# Dungeon Game

## Introduction

Dynamic programming is an all-time favorite topic when it comes to tech interviews, and solving its classical problems surely helps you to clear the basics. But the problem, the dungeon game is not like any other DP problem, it sure looks familiar, but it isn’t. Now without wasting any more time, let’s jump to the problem.

## Understanding the Problem

We have been given a dungeon (M x N grid). Every cell in the grid contains a number. The number may be positive or negative. We can move across a cell only if we have positive points (>0). Whenever we pass through a cell, points in that cell are added to our overall points.

We need to find the minimum initial energy(also referred to as health) required to reach cell (M - 1, N - 1) where our princess is waiting from (0, 0) by following these certain set of rules:

• From a cell (i, j) we can move to (i + 1, j) or (i, j + 1).
• We cannot move from (i, j) if your overall points at (i, j) are <= 0.
• We have to reach at (M - 1, N - 1) with minimum positive points, i.e., > 0.

Let's understand this better by the following example.

Let say the following dungeon is given to us,

Now 5 would be the minimum initial points needed to reach the end. The path taken is as follows. (This is just one of the possibilities)

(0,0) -> (0,1) -> (0,2) -> (1, 2) -> (2, 2).

Explanation

As per our chosen path, at position (0,0), the health will be decreased by -1. Then we will go down, so now this -3 will add up to -1. After that, we can see all are positive healths, so we will not lose any more health.
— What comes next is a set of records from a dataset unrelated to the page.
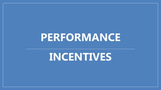 This document discusses various types of performance incentives used by companies. It begins by stating that incentives are reward systems that tie pay to performance, and are very common among organizations. It then provides details on different incentive systems, including: piece rate systems, where pay is based on individual output; individual bonuses for accomplishing goals; merit pay involving permanent raises for past performance; sales commissions as a percentage of sales; awards and recognition for going above expectations; team bonuses based on group performance; gainsharing programs that reward cost savings; profit sharing of company profits with all employees; and stock options giving employees the right to purchase company stocks. It concludes by asking questions about why incentives are important and what types would be implemented in one's own company
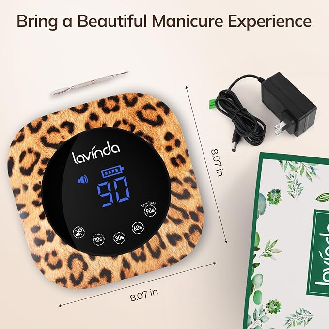Lavinda LED Nail Lamp UV Light for Gel Nails 54W Cordless Rechargeable UV Lamp Nail Light with 4 Timer, 2X Faster Professional Gel Polish Curing Nail Dryer for Salon Use-Leopard Print
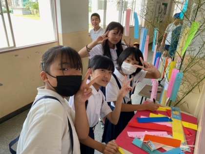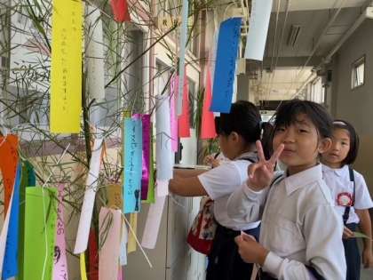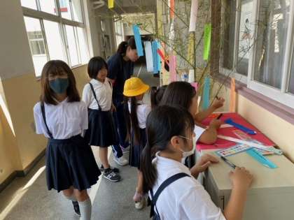 今日も休み時間になると、各学年の子どもたちが、短冊に「願いごと」を書きにきていました。
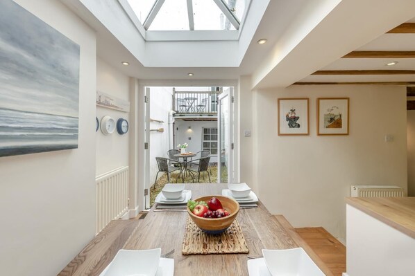 At the heart of this holiday home is the enchanting living room with its fantastic feature fireplace of exposed stone, complete with a wood burner-effect gas fire for the colder months of the year. Two sumptuous sofas sit around a TV for film nights, whilst the generously sized coffee table is ideal for board game competitions. Next door, the country-style kitchen is full of light thanks to the patio doors and overhead window creating a wonderful spot to cook and dine with your loved ones surrounded by calming neutral tones. Upstairs the master bedroom is furnished with a king-size bed with beautiful beams and tasteful decor, as well as an en-suite shower room for added privacy. From here you can also access the balcony for a morning coffee with a view. The two further bedrooms share use of the family shower room, comprising a chic double with in-built storage and a neutral twin. The garden area is a courtyard style with a table and chairs to be enjoyed when the sun is shining.
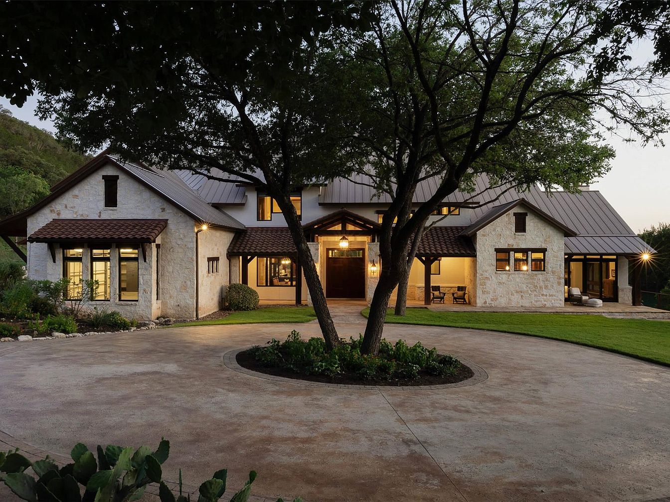 A charming front exterior of an American home with an inviting, spacious driveway curved around a central, landscaped flower bed. The stone-clad facade features warm, natural tones, and a standing seam metal roof that complements the earthy aesthetic. Pleasant outdoor lighting highlights the architectural details, including gabled roofs, covered entryways, and large, welcoming windows. The lush green lawn and mature shade trees provide plenty of space for children to play safely, while the generous front porch offers a cozy spot for family gatherings. Overall, the entryway exudes a sense of warmth and security, perfect for family living.
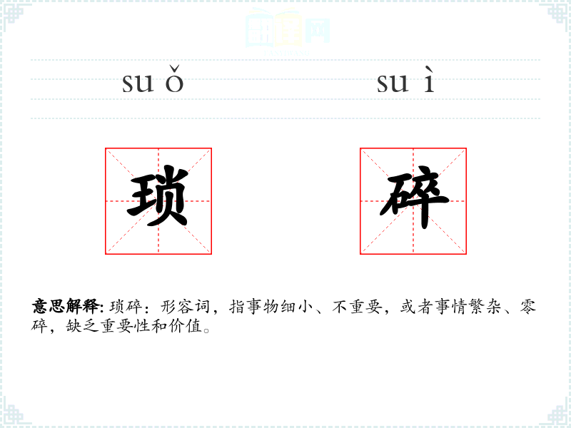 琐碎:形容词,指事物细小、不重要,或者事情繁杂、零碎,缺乏重要性和价值。
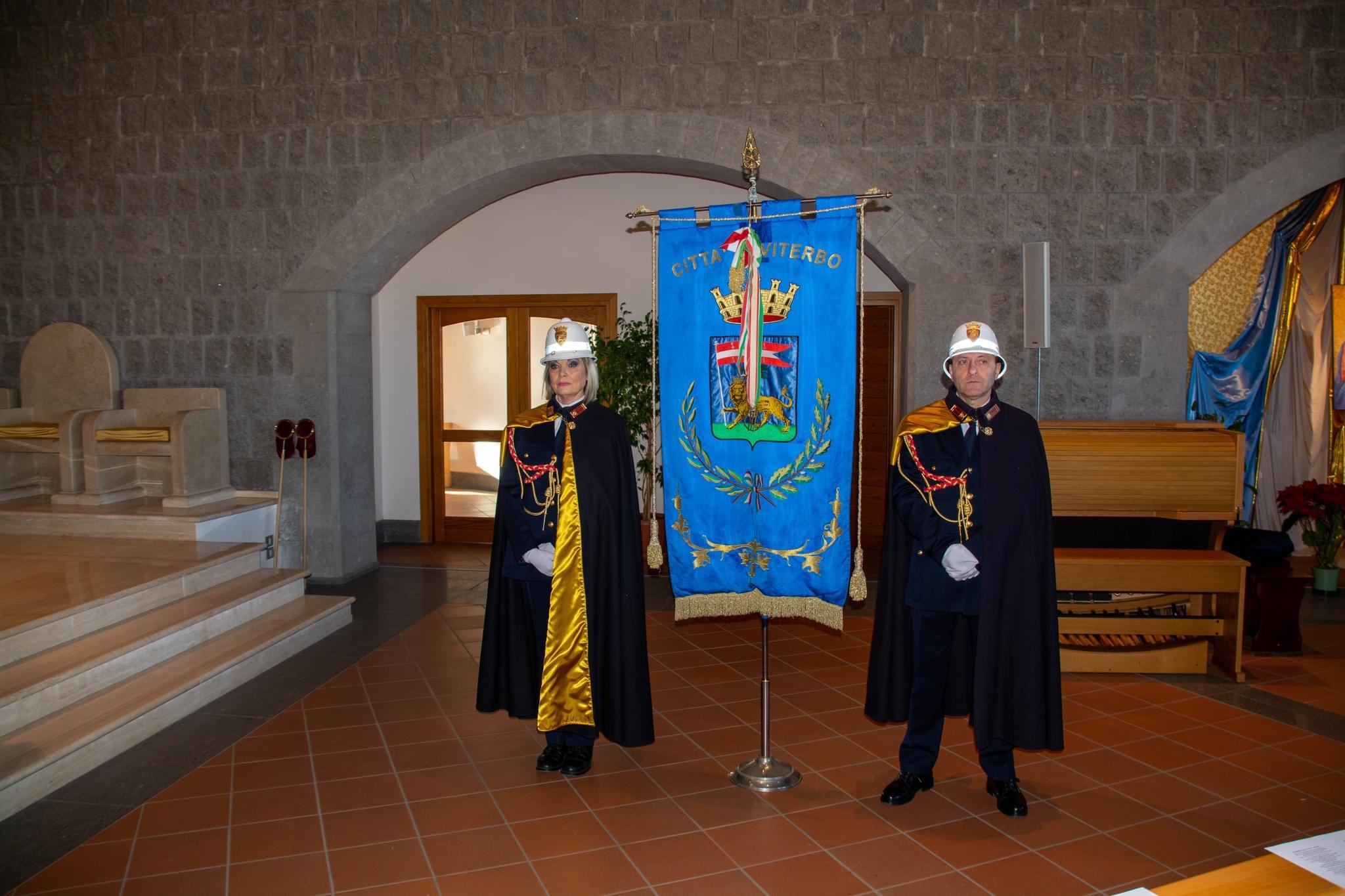 In chiesa tutti gli agenti del comando di Viterbo, ma anche quelli dei comandi di alcuni Comuni del viterbese. In prima fila, il prefetto di Viterbo Gennaro Capo, il presidente della Provincia Alessandro Romoli, il questore Fausto Vinci e il generale comandante Aves Andrea Di Stasio. Presenti anche l’assessore ai servizi per il cittadino del Comune di Viterbo Katia Scardozzi, e i consiglieri Di Fusco e Martinengo.
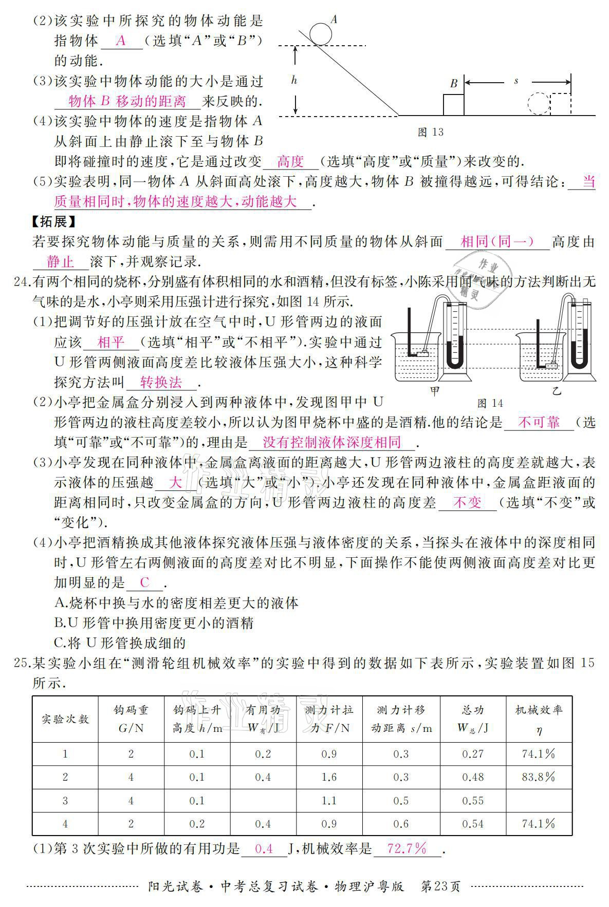 注:目前有些书本章节名称可能整理的还不是很完善,但都是按照顺序排列的,请同学们按照顺序仔细查找。练习册 2021年阳光试卷中考总复习试卷物理沪粤版 答案主要是用来给同学们做完题方便对答案用的,请勿直接抄袭。
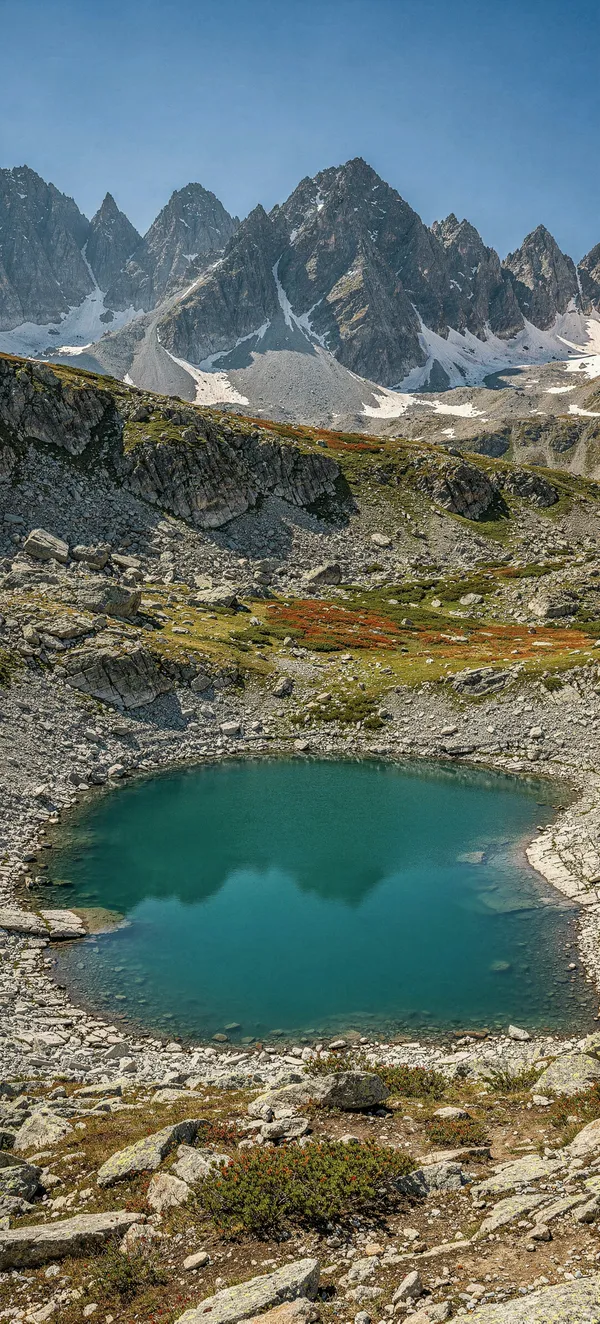 NatureStunning high-altitude landscape wallpaper featuring a turquoise mountain lake, rocky terrain, and majestic alpine peaks in crystal-clear resolution.
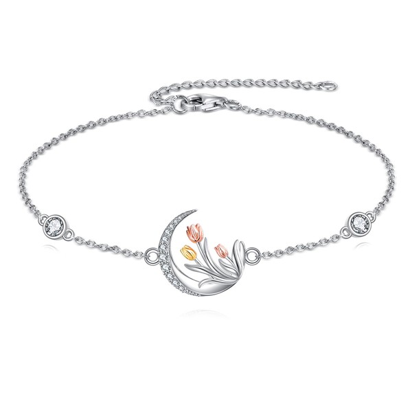 JBAERD Tulip Bracelet Sterling Silver Tulip Bracelet Tulip Flower Jewelry Gifts for Women
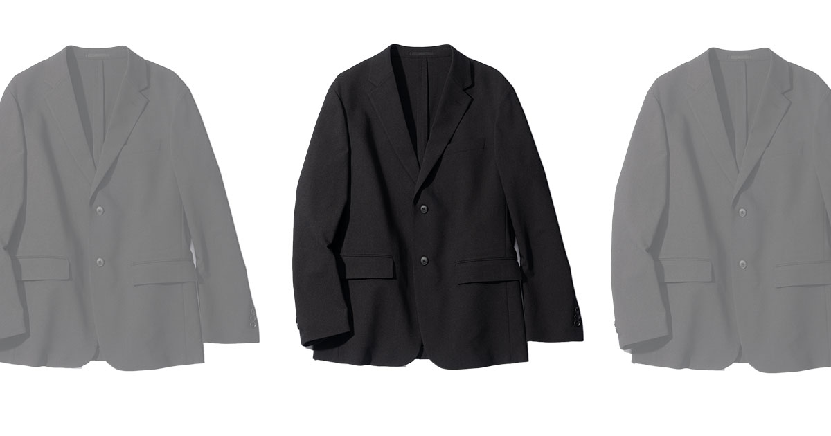 “感動ジャケット”はメンズのラインから。レデイースよりも身幅が広く、さりげなく旬っぽさを宿します。メンズジャケット¥6,990(UNIQLO)
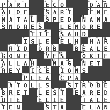 ACROSS 1. Piece 5. Environmental prefix 8. One of the 12 tribes of Israel 11. _ vera 12. Indian skirt 14. Compass dir. 15. Brizilian seaport 17. Broke a traffic law 18. Grandmother 19. Sounds asleep 21. Poe poem 23. Standoff 25. Saudi Arabian king (1953-1964) 26. Small island 27. Shade tree 28. Third mo. 31. To free from 33. Globe 35. Memphis, Tenn. Street 37. Went 38. It is so 40. Migrant worker of the '30s 41. Assad's deity 43. Tired old horse 45. Fish or hair follower 46. Marina Del _, California 47. Frozen water 50. Charged particles 52. Entreaty 53. Accounting whiz (abbr.) 54. Ringlike coral islands and reefs 56. Disco prop 61. Cy Young winner Saberhagen 62. For fear that 65. Having ears or earlike features 66. Shoshoni 67. Writer Wiesel 68. Falsehood 69. Nine, plus one 70. R.R. building 71. Style DOWN 1. Baking dishes 2. Actor Alda or Thicke 3. Printing process, for short 4. Rend 5. Curvy letter 6. Head covering 7. Threatening words 8. Letter starter 9. Singer Murray 10. Teachers' org. 13. Standard of perfection 16. Allows 18. Lower and raise head in agreement 20. Grain storage tower 22. Unfeeling 24. Suggestive of the supernatural 26. It may be bright or harebrained 28. Create 29. Set down 30. To sift 31. Hero or heavy, e.g. 32. Inwardly 34. Benjamin's nick name 36. Immeasurably long periods of time 37. Slender fish 39. Ketch in the Levant 42. Land elevation 44. Republicans 48. Cell (Danish) 49. Artist's stands 51. Nathan's nickname 52. Cooking vessel 54. Johnson of "Laugh-In" 55. Adolescent 57. Assign a rank or rating to 58. Of the mouth 59. Actor Lugosi 60. Paradise 61. With the exception that 63. Be seated 64. Afternoon social gathering

Thus in total, we need health = -(-1 - 3) + 1 = 5.

This might be a bit odd for you to grasp but believe me, you’ll get the idea as we will proceed further.

Let’s first look at the brute force approach and then, we will optimize it further.

## Brute Force

The best idea is to devise the recurrence relation. The recurrence relation is quite intuitive, as we have only two options to choose from: either go down or right. So, at any point of a particular cell, if we know the answer for min health requirement if we go right vs we go down, then we can easily choose between them.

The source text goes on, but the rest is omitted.